Validation.ContentScan.Core
Overview
Validation.ContentScan.Core is a small, focused shared library that provides the messaging contracts and Service Bus enqueuer for the NuGet content scanning validation pipeline. It does not perform any scanning itself — instead, it defines the message types, serialization logic, and the enqueuer abstraction that other services use to trigger and poll content scans.
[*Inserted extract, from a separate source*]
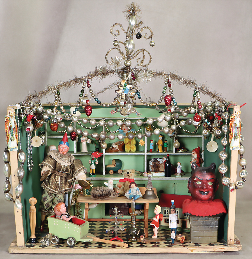 Puppenstuben-Kaufladen, Bastelarbeit, eingerichtet als Weihnachtsladen, B: 55 cm, H: 34 cm

The library lives in the NuGet.Jobs.Validation.ContentScan namespace and targets net472. It is versioned alongside other NuGet Jobs packages via the $(JobsPackageVersion) MSBuild property.
Role in the System
Within the NuGet Gallery validation ecosystem, package validation is orchestrated byNuGet.Services.Validation.Orchestrator. When the orchestrator needs to verify that a package’s content is safe, it delegates to ContentScanValidator, which uses IContentScanEnqueuer (defined here) to send work to an external content-scanning service over Azure Service Bus.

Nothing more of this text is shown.